--- Source data Enclosed Below ---

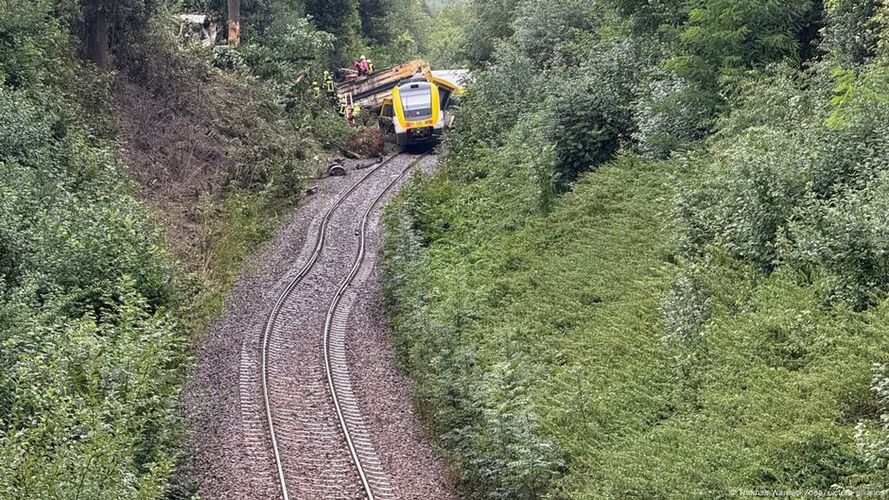The front part of the train derailed to the left. The carriages then flew about 5 meters up the slope and crashed into trees.
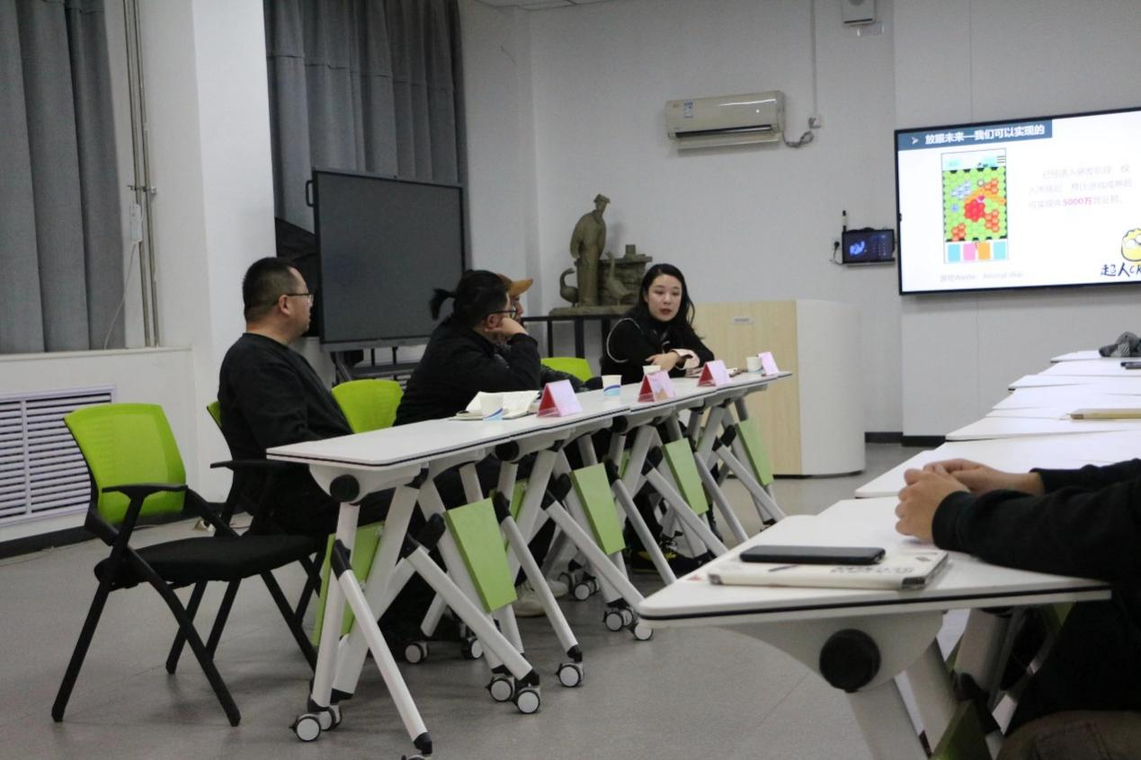 宣讲会现场,毕业班辅导员朱员从毕业生数量、专业方面详细介绍毕业生情况,结合毕业生具体情况提问企业负责人。山东卜氪文化传媒有限公司董事长张明祥先生通过PPT为毕业生介绍其企业文化和发展历史,再分别从薪资、福利待遇、师资培训、招聘需求、公司发展前景等方面展开详细介绍。
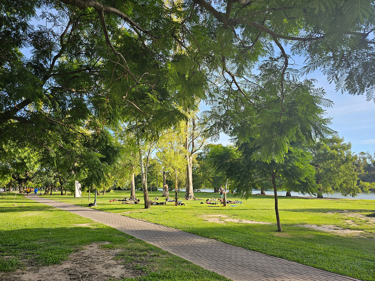 그러나 사실(개방감이고 뭐고...) 그들을 보는 나는 모기 걱정뿐이었다. ㅋㅋㅋㅋ 저렇게 탑만 입고 잔디밭에서 운동을 하면 최소 수십 방은 물릴 거 같은데.... 실제로 한 여자분의 레깅스 위에 모기가 여러 마리가 붙어서 같이 러닝 중인 모습을 보고 나는 벌레기피제를 온몸에 분사하였다.
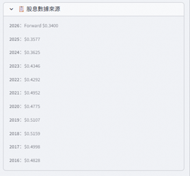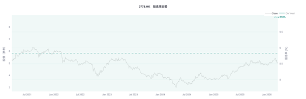 從 Yieldspot 左側的股息數據欄可以直接看到 0778 每年的派息紀錄:2016年 $0.4828、2017年 $0.4998、2018年 $0.5159……到 2020年 $0.4775、2021年 $0.4952、2022年 $0.4292、2023年 $0.4346、2024年 $0.3625、2025年 $0.3577,而 2026年預測更只有 $0.3400。
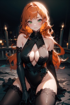 masterpiece,best quality,cowboy shot,looking at viewer,1girl,solo,orange hair,green eyes,:3,large breasts,collarbone,black evening gown,elbow gloves,black gloves,black thighhighs,kneeling
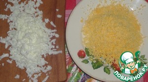 Белки натереть на крупной терке, желтки на мелкой.
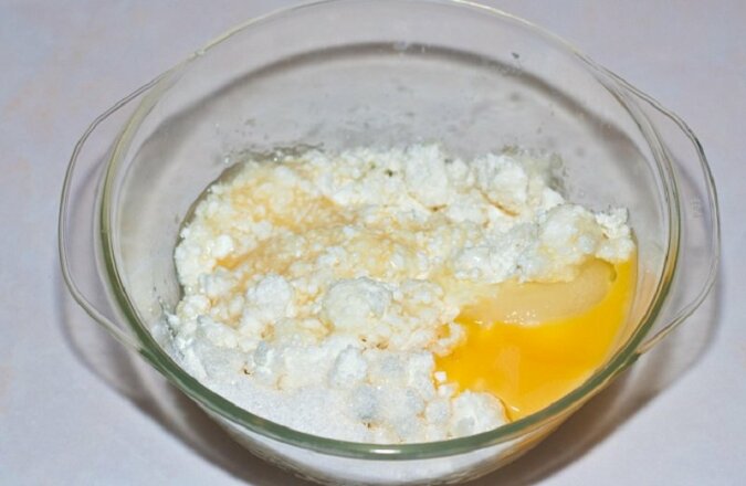W głębokiej misce łączymy twarożek z jajkiem, śmietaną, cukrem, sodą, proszkiem do pieczenia, solimy, a także dodajemy wanilię i mąkę. Wszystkie składniki dokładnie mieszamy. Możesz potrzebować trochę mniej lub więcej mąki, bowiem wszystko zależy od konsystencji twarogu.
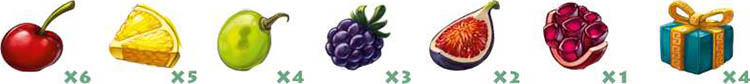 There are six different types of fruits: cherry, lemon, grape, blackberry, fig, and pomegranate. The gift is a wild fruit. Each Gallery will give you a bonus of 2-5-10-15-20 or 25 victory points for 1-2-3-4-5 or 6 different types of fruits in that Gallery.
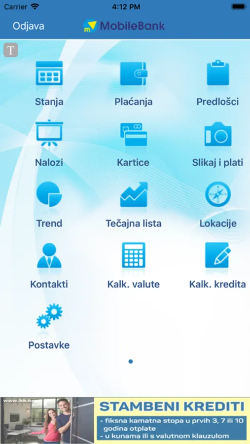* Postavke - promjena jezika aplikacije, promjena PIN-a, promjena e-mail adrese, moji uređaji – dodavanje novog uređaja za korištenje aplikacije i autorizacija otiskom prsta.
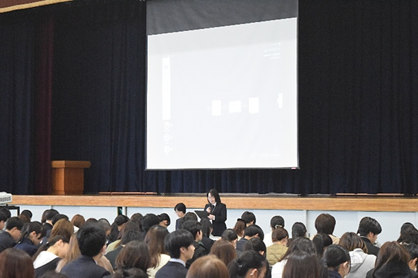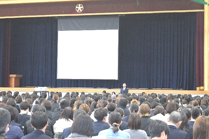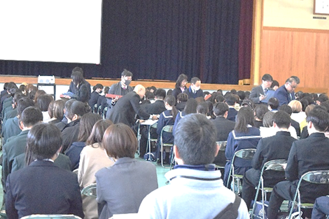 入学予定のみなさんは、これから始まる新しい学校生活に期待と少しの緊張を感じながら、真剣に説明に耳を傾けていました。
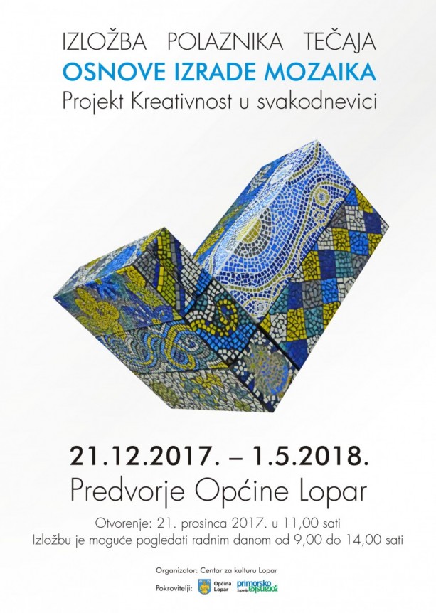 iznimno nam je zadovoljstvo pozvati Vas na otvorenje izložbe polaznika tečaja Osnove izrade mozaika koji je realiziran u okviru projekta Kreativnost u svakodnevici! Otvorenje izložbe predviđeno je u četvrtak, 21. prosinca, u 11,00 sati u predvorju Općine Lopar.
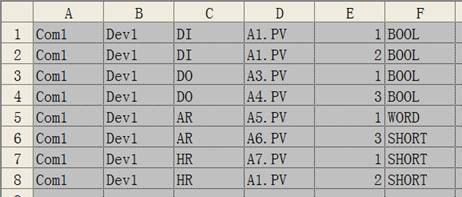 通過Excel,結合紫金橋軟件的點組態界麵的導出到Excel編輯的功能,可以快速的生成此表格。然後使用批量導入功能,就可以迅速的創建大量的寄存器。
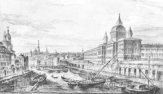 И. В. Мошков. Вид на Воспитательный дом от Москвы-реки. 1800-е. Фрагмент

--- End of Enclosed Source data ---

Task :: Transcribe every record above in full. Pictures stay out of the copy.

Exercise result ::
The front part of the train derailed to the left. The carriages then flew about 5 meters up the slope and crashed into trees.
 宣讲会现场,毕业班辅导员朱员从毕业生数量、专业方面详细介绍毕业生情况,结合毕业生具体情况提问企业负责人。山东卜氪文化传媒有限公司董事长张明祥先生通过PPT为毕业生介绍其企业文化和发展历史,再分别从薪资、福利待遇、师资培训、招聘需求、公司发展前景等方面展开详细介绍。
 그러나 사실(개방감이고 뭐고...) 그들을 보는 나는 모기 걱정뿐이었다. ㅋㅋㅋㅋ 저렇게 탑만 입고 잔디밭에서 운동을 하면 최소 수십 방은 물릴 거 같은데.... 실제로 한 여자분의 레깅스 위에 모기가 여러 마리가 붙어서 같이 러닝 중인 모습을 보고 나는 벌레기피제를 온몸에 분사하였다.
 從 Yieldspot 左側的股息數據欄可以直接看到 0778 每年的派息紀錄:2016年 $0.4828、2017年 $0.4998、2018年 $0.5159……到 2020年 $0.4775、2021年 $0.4952、2022年 $0.4292、2023年 $0.4346、2024年 $0.3625、2025年 $0.3577,而 2026年預測更只有 $0.3400。
 masterpiece,best quality,cowboy shot,looking at viewer,1girl,solo,orange hair,green eyes,:3,large breasts,collarbone,black evening gown,elbow gloves,black gloves,black thighhighs,kneeling
 Белки натереть на крупной терке, желтки на мелкой.
W głębokiej misce łączymy twarożek z jajkiem, śmietaną, cukrem, sodą, proszkiem do pieczenia, solimy, a także dodajemy wanilię i mąkę. Wszystkie składniki dokładnie mieszamy. Możesz potrzebować trochę mniej lub więcej mąki, bowiem wszystko zależy od konsystencji twarogu.
 There are six different types of fruits: cherry, lemon, grape, blackberry, fig, and pomegranate. The gift is a wild fruit. Each Gallery will give you a bonus of 2-5-10-15-20 or 25 victory points for 1-2-3-4-5 or 6 different types of fruits in that Gallery.
* Postavke - promjena jezika aplikacije, promjena PIN-a, promjena e-mail adrese, moji uređaji – dodavanje novog uređaja za korištenje aplikacije i autorizacija otiskom prsta.
 入学予定のみなさんは、これから始まる新しい学校生活に期待と少しの緊張を感じながら、真剣に説明に耳を傾けていました。
 iznimno nam je zadovoljstvo pozvati Vas na otvorenje izložbe polaznika tečaja Osnove izrade mozaika koji je realiziran u okviru projekta Kreativnost u svakodnevici! Otvorenje izložbe predviđeno je u četvrtak, 21. prosinca, u 11,00 sati u predvorju Općine Lopar.
 通過Excel,結合紫金橋軟件的點組態界麵的導出到Excel編輯的功能,可以快速的生成此表格。然後使用批量導入功能,就可以迅速的創建大量的寄存器。
 И. В. Мошков. Вид на Воспитательный дом от Москвы-реки. 1800-е. Фрагмент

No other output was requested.